Introducing your new staff: The employee induction

Published November 8th, 2015 - 05:00 GMT
New expat hires are less likely to have an existing network and may need extra support to develop contacts. (Shutterstock)
New expat hires are less likely to have an existing network and may need extra support to develop contacts. (Shutterstock)
The employee induction process should serve as the springboard for the employee’s performance, engagement and progress within the organisation. Induction programmes generally prepare new employees on operational aspects of their role and organizational policies, along with a dose of values, ethics or cultural preparation.

Our research suggests 77 per cent GCC organisations claim to have a formal induction programme. However, in our experience few new employees experience the ‘wow’ factor during induction while many employers would like to see a renewed experience for their new hires.

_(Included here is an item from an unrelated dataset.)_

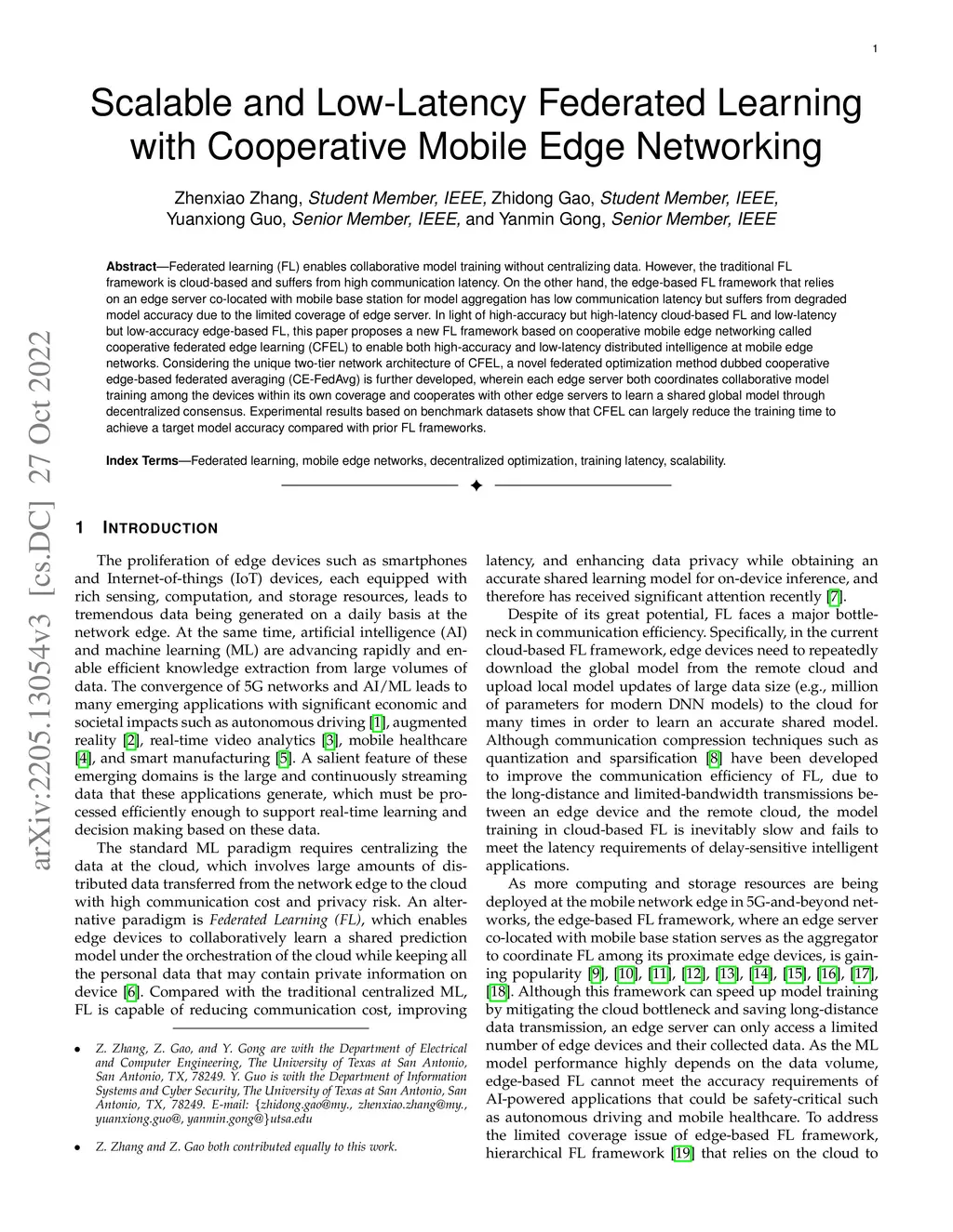 Scalable and Low-Latency Federated Learning with Cooperative Mobile Edge

Common problems that plague induction programmes include: administrative overload, induction activities set aside in favour of day-to-day business by managers, ‘HR induction’ disconnected from ‘business induction’, and irrelevant or uninteresting induction activities.

So how can employers leverage a new hire’s enthusiasm and energy to make induction a memorable and valuable experience?

Managing admin overload

In the first few days, would you rather new hires spend their time chasing certificates and filling in forms? Clearly not, but that is what many new hires experience. Admin requirements may be especially onerous for expats and may delay their settling in or even the start date.

Technology and a bit of planning go a long way to preventing administrative overload. IT applications can help employers ‘on-board’ new hires in advance of the first day — compiling data and documentation that enable preparation of the employee’s access card, email address and other IT, work equipment and signing up to benefits.

Mobility service providers can also assist with ensuring that an expat employee prepares all the necessary documentation before making their move abroad. Providing a simple briefing and administrative checklist in advance goes a long way to making an employee’s first days enjoyable and productive.

Nurturing a sense of belonging

In the first days, colleagues help new employees practically (by alerting them to organizational practices) and intangibly (particularly, by being role models). Our research indicates that on average, 12 per cent of nationals leave in the first three months, but by nurturing a strong and supportive community for new employees, the organisation reduces the risk of premature attrition, an expensive and demoralising outcome for both employer and employee.

In the Middle East, the challenges for belonging can be different for expat and local employees. Local employees may already have acquaintances in their new company. The risk is that they feel comfortable with their current network and fail to make new connections.

Expats are less likely to have a network and without some support it may take longer to develop a good pool of contacts.

The most important relationships of the new hire are those with their manager and their team. Some managers conduct a thorough introduction for their team, provide opportunities for socialisation and spend time coaching the new hire.

However, often HR ‘hands over’ the new hire, while busy managers make little time for coaching, offering few guidelines and resources to create a positive experience.

Leaders are key to nurturing a new employee’s sense of belonging. It’s common for induction to be spent going through rules and procedures. But how much more engaging would it be if leaders spent time with new employees, explaining the choices they make and the values that guide them?

Value from Day One

Induction is the right time for a new employee to understand the company’s strategy, policies and processes — and for the employer to start tapping into the employee’s value. Learning through experience trumps countless presentations, piles of documents and hours of online training.

However, induction is more likely to be a bombardment of the latter.

Companies that want to tap value from day one provide the settings for effective learning and performance through a variety of planned activities. For example, instead of just organising a process walk-through, a new employee may be presented with a challenge to improve it.

They are given access to co-workers, customers, leaders and managers right from the start. And most importantly, the new employee is given a platform to showcase their skills and establish themselves.

While many companies say they value ‘learning on the job’, new employees often find that they are thrown in at the deep end with little structure or idea of what they’re meant to achieve. Instead of tapping into value, companies risk losing all the enthusiasm and energy that a new employee brings in those first few weeks.

A word of caution about performance objectives during induction: objectives should only be put in place once the employee is familiar with the role and the company, usually around two to three months into their employment. Once an employee understands their role, they can engage properly with the objective-setting process and performance is more likely to follow.

The start

The induction period soon gives way to everyday working life, and this is where the ideals presented at induction need to dovetail with the reality. No vision and values training will sustain your new hires’ energy and performance if there is no match between what’s said and what’s done.